Becoming complacent in any relationship, whether it’s marriage, parent/child or friendship, will quickly kill its authenticity and passion. While coasting might be a desire of our flesh (a cup of coffee on the beach please!), working hard to pull back more layers and connect deeper is always — always — always the heart of our Father. And let me speak a little truth to your heart too. I know deep down it is always your heart and also the heart of your child’s. Because you are His. And so is the little love you are fighting for.



It’s work. It can be painful and ugly. And you will see hard things in yourself as you choose to go deeper. Don’t give up. But with every new layer know that new, real work begins. This good work is like the Velveteen Rabbit. It’ll rub all your pretty fur off — but real, deep connection is worth it.

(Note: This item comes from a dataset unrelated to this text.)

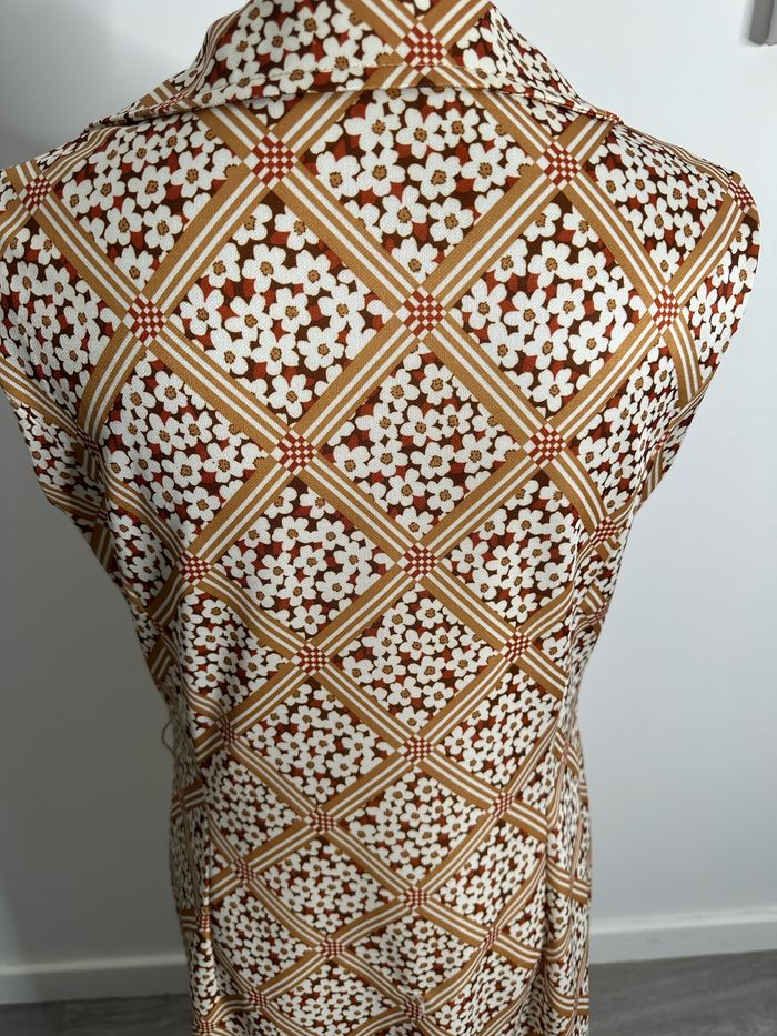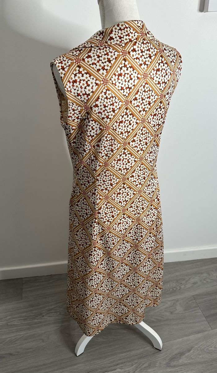 Robe bariolée à fleurs beige et marron seventies Vintage T38 M - photo numéro 7

“He said, ‘You become. It takes a long time. That’s why it doesn’t happen often to people who break easily, or have sharp edges or who have to be carefully kept. Generally, by the time you are Real, most of your hair has been loved off, and your eyes drop out and you get loose in the joints and very shabby. But these things don’t matter at all, because once you are Real you can’t be ugly, except to people who don’t understand.'” – The Velveteen Rabbit




3 responses to “Still Connecting: What Attachment Looks Like Years Later”

  1. Christine says:

    I love this! By changing our perspective, challenges can become opportunities to further show our love. Thank you for writing this! Blessings to you and your family! 🙂

  2. Kimberly Schildbach says:

    Such a good reminder to keep going deeper. Thank you!

  3. Crissy says:

    So interesting to hear from TBRI trained/ trauma- informed parents that this process is just that, a process. And to know that the stop points and stale mates along the way are also part of the process.